Output, exactly and in full, only the lines from the one containing "国家主席习近平22日晚在北京" to the last line of the data. Pictures should not appear.

=== Provided records ===

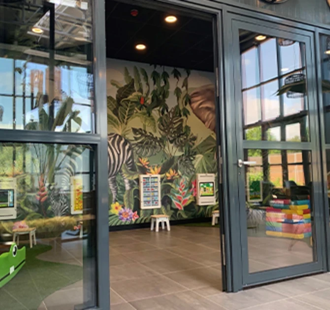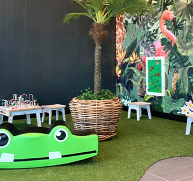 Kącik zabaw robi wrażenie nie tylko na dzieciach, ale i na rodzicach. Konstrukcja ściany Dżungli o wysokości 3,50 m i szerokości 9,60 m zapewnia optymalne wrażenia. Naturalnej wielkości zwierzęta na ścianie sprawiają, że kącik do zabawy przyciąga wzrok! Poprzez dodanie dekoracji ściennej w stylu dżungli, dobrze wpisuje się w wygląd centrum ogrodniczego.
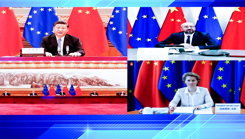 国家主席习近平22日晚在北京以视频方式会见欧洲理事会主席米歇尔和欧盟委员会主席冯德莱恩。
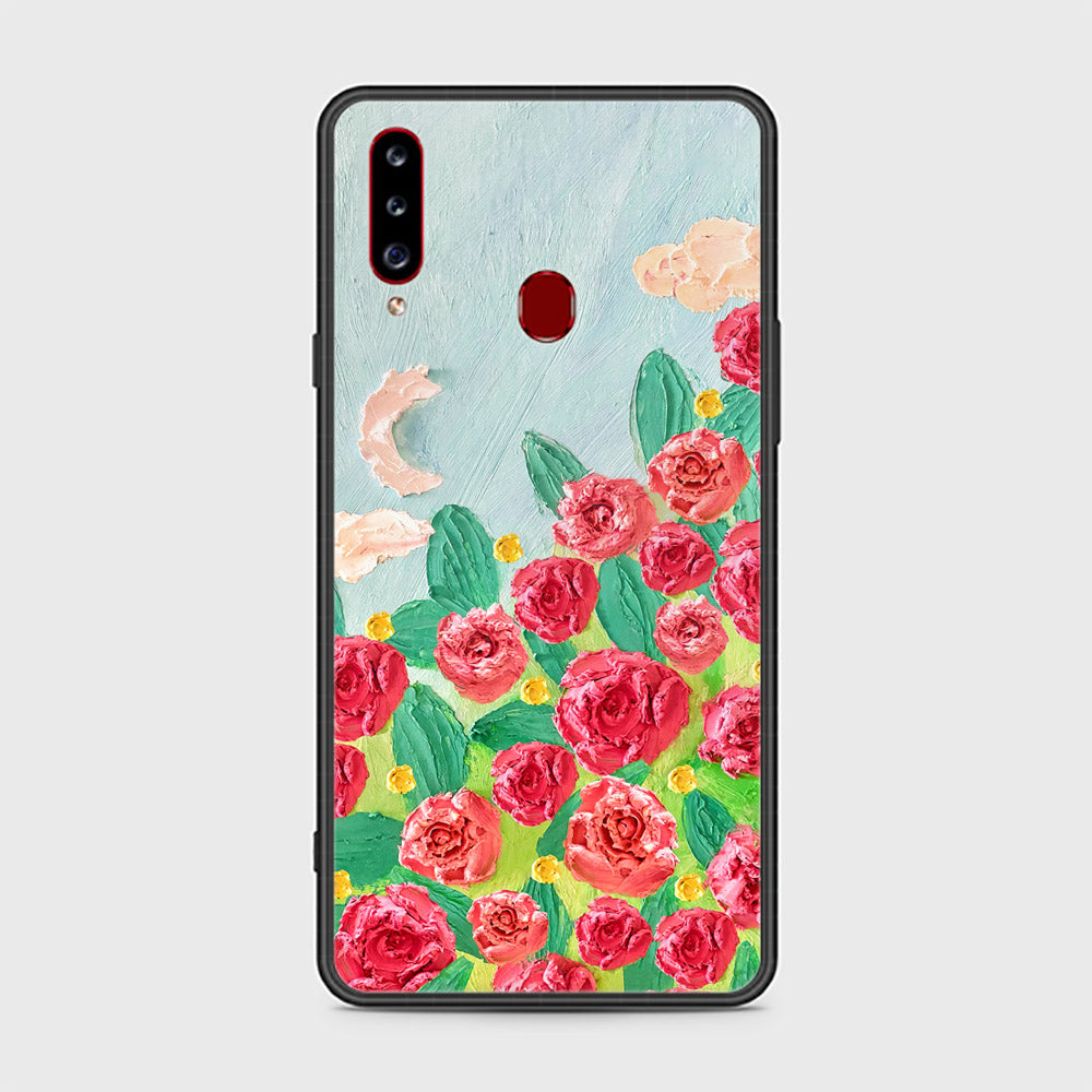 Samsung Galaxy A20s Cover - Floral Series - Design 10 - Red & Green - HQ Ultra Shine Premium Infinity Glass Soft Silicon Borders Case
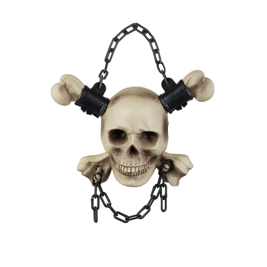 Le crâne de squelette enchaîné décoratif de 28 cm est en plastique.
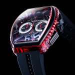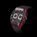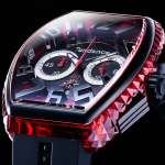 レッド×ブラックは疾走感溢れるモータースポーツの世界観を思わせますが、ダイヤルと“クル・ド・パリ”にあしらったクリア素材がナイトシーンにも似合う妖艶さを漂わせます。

===

_Solved exercise_
 国家主席习近平22日晚在北京以视频方式会见欧洲理事会主席米歇尔和欧盟委员会主席冯德莱恩。
 Samsung Galaxy A20s Cover - Floral Series - Design 10 - Red & Green - HQ Ultra Shine Premium Infinity Glass Soft Silicon Borders Case
 Le crâne de squelette enchaîné décoratif de 28 cm est en plastique.
 レッド×ブラックは疾走感溢れるモータースポーツの世界観を思わせますが、ダイヤルと“クル・ド・パリ”にあしらったクリア素材がナイトシーンにも似合う妖艶さを漂わせます。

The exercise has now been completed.